══ DATA BLOCK ══

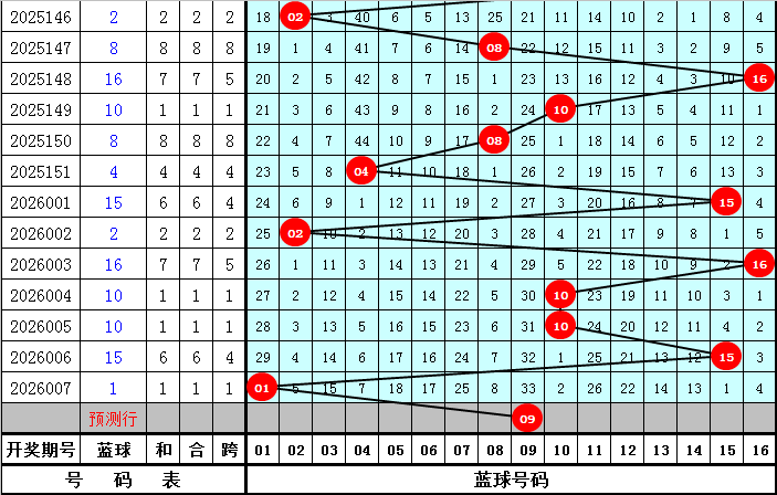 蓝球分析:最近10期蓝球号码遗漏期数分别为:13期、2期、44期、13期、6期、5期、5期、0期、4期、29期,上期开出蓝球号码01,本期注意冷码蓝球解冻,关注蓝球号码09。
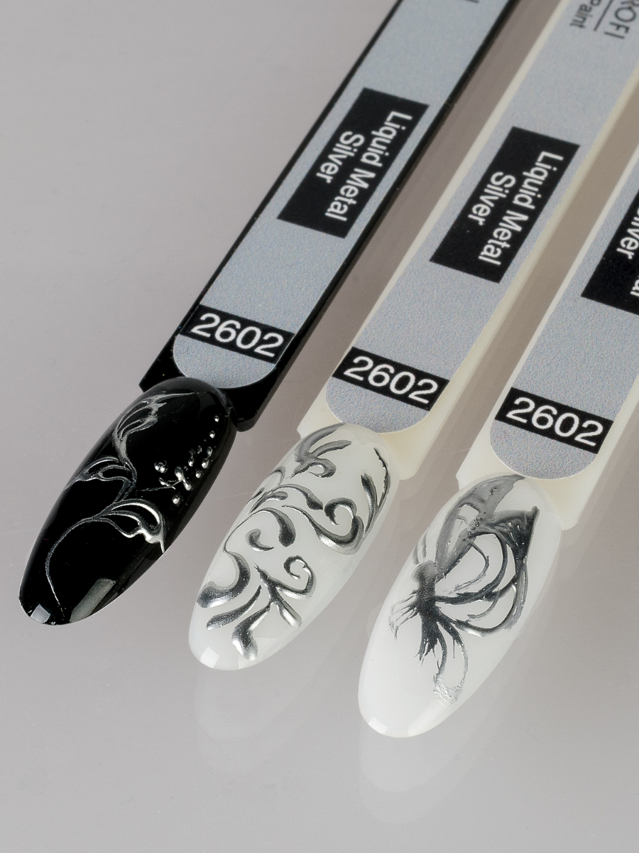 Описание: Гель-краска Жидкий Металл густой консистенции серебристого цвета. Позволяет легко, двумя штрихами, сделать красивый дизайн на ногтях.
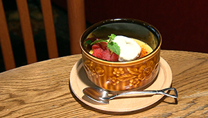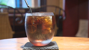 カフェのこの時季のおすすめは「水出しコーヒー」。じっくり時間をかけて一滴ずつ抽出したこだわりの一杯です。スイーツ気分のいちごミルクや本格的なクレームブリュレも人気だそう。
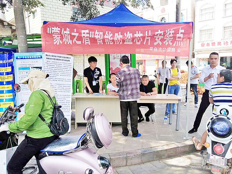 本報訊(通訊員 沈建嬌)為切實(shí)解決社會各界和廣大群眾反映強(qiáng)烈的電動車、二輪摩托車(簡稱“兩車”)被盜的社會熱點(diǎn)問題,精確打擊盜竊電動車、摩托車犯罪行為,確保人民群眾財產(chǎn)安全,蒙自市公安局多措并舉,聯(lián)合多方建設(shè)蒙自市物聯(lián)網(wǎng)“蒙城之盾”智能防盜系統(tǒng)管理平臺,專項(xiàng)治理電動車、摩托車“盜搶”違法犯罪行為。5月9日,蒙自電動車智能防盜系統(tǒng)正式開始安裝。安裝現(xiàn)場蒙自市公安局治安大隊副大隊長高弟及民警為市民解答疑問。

═══

Would you return all of the data above word for word, omitting every picture?

**TASK ANSWER**:
 蓝球分析:最近10期蓝球号码遗漏期数分别为:13期、2期、44期、13期、6期、5期、5期、0期、4期、29期,上期开出蓝球号码01,本期注意冷码蓝球解冻,关注蓝球号码09。
 Описание: Гель-краска Жидкий Металл густой консистенции серебристого цвета. Позволяет легко, двумя штрихами, сделать красивый дизайн на ногтях.
 カフェのこの時季のおすすめは「水出しコーヒー」。じっくり時間をかけて一滴ずつ抽出したこだわりの一杯です。スイーツ気分のいちごミルクや本格的なクレームブリュレも人気だそう。
 本報訊(通訊員 沈建嬌)為切實(shí)解決社會各界和廣大群眾反映強(qiáng)烈的電動車、二輪摩托車(簡稱“兩車”)被盜的社會熱點(diǎn)問題,精確打擊盜竊電動車、摩托車犯罪行為,確保人民群眾財產(chǎn)安全,蒙自市公安局多措并舉,聯(lián)合多方建設(shè)蒙自市物聯(lián)網(wǎng)“蒙城之盾”智能防盜系統(tǒng)管理平臺,專項(xiàng)治理電動車、摩托車“盜搶”違法犯罪行為。5月9日,蒙自電動車智能防盜系統(tǒng)正式開始安裝。安裝現(xiàn)場蒙自市公安局治安大隊副大隊長高弟及民警為市民解答疑問。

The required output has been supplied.